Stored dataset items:
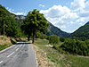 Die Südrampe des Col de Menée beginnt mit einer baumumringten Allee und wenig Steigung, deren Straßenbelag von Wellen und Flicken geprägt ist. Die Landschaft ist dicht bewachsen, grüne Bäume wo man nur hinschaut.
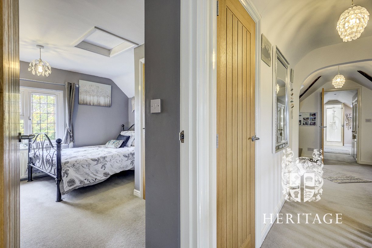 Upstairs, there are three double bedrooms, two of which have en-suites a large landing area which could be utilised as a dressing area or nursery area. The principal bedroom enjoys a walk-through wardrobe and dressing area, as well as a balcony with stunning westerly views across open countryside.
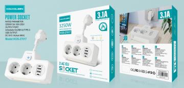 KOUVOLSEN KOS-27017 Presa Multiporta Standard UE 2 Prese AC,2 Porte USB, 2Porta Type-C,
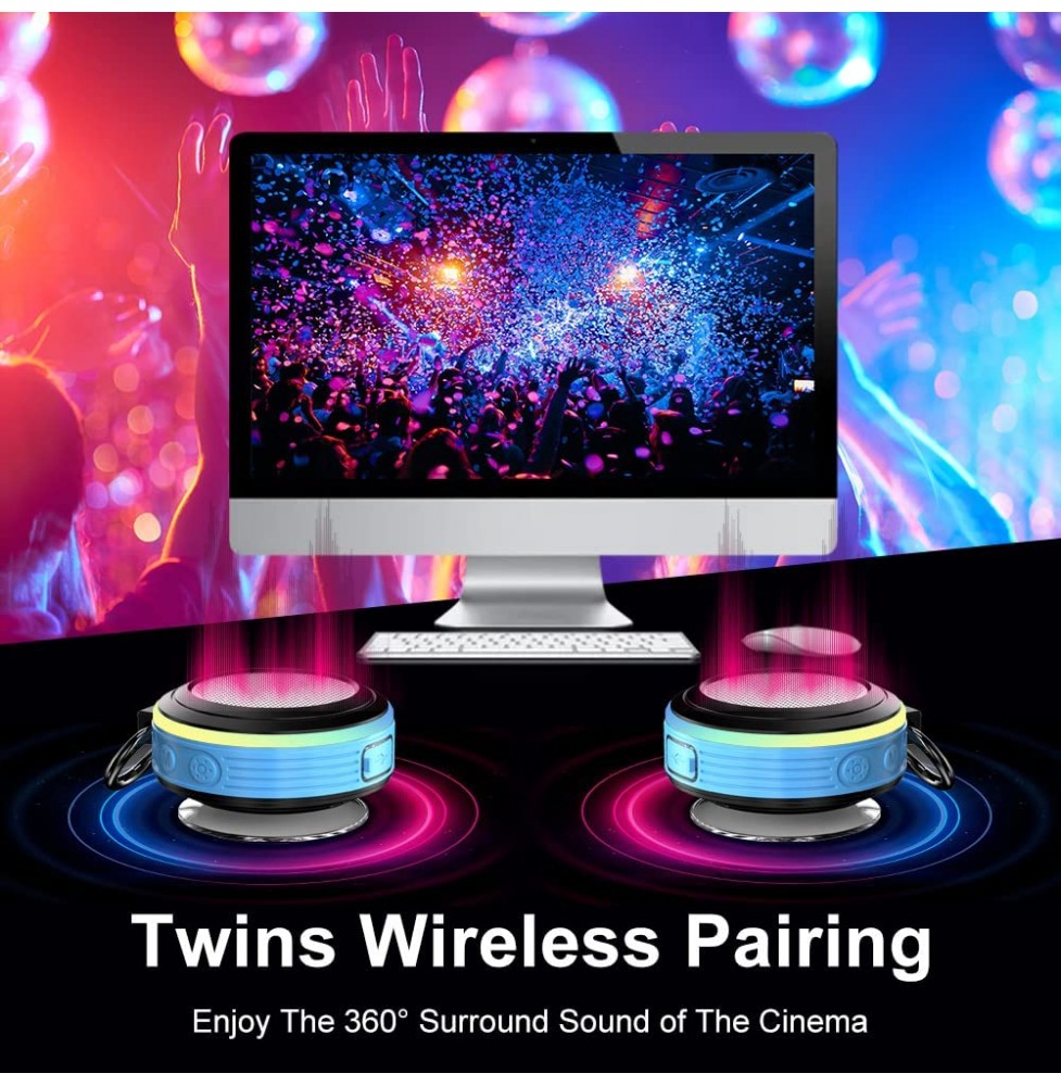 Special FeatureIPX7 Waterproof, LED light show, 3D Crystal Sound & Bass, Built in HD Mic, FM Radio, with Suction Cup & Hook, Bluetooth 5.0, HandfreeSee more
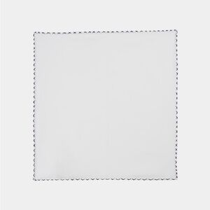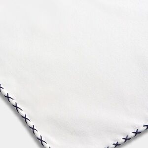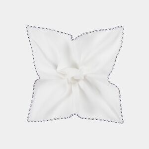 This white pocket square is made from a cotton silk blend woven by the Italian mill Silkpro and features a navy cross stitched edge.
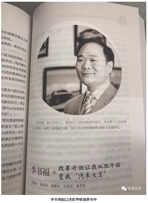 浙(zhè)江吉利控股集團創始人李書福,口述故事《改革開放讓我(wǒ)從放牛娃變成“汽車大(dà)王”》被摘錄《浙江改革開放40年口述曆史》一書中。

*About this task*: In the copy, include exactly the lines from the one with "Upstairs, there are" through the final line of the entries above, both ends counted, and no pictures.

*Worked solution*:
 Upstairs, there are three double bedrooms, two of which have en-suites a large landing area which could be utilised as a dressing area or nursery area. The principal bedroom enjoys a walk-through wardrobe and dressing area, as well as a balcony with stunning westerly views across open countryside.
 KOUVOLSEN KOS-27017 Presa Multiporta Standard UE 2 Prese AC,2 Porte USB, 2Porta Type-C,
 Special FeatureIPX7 Waterproof, LED light show, 3D Crystal Sound & Bass, Built in HD Mic, FM Radio, with Suction Cup & Hook, Bluetooth 5.0, HandfreeSee more
 This white pocket square is made from a cotton silk blend woven by the Italian mill Silkpro and features a navy cross stitched edge.
 浙(zhè)江吉利控股集團創始人李書福,口述故事《改革開放讓我(wǒ)從放牛娃變成“汽車大(dà)王”》被摘錄《浙江改革開放40年口述曆史》一書中。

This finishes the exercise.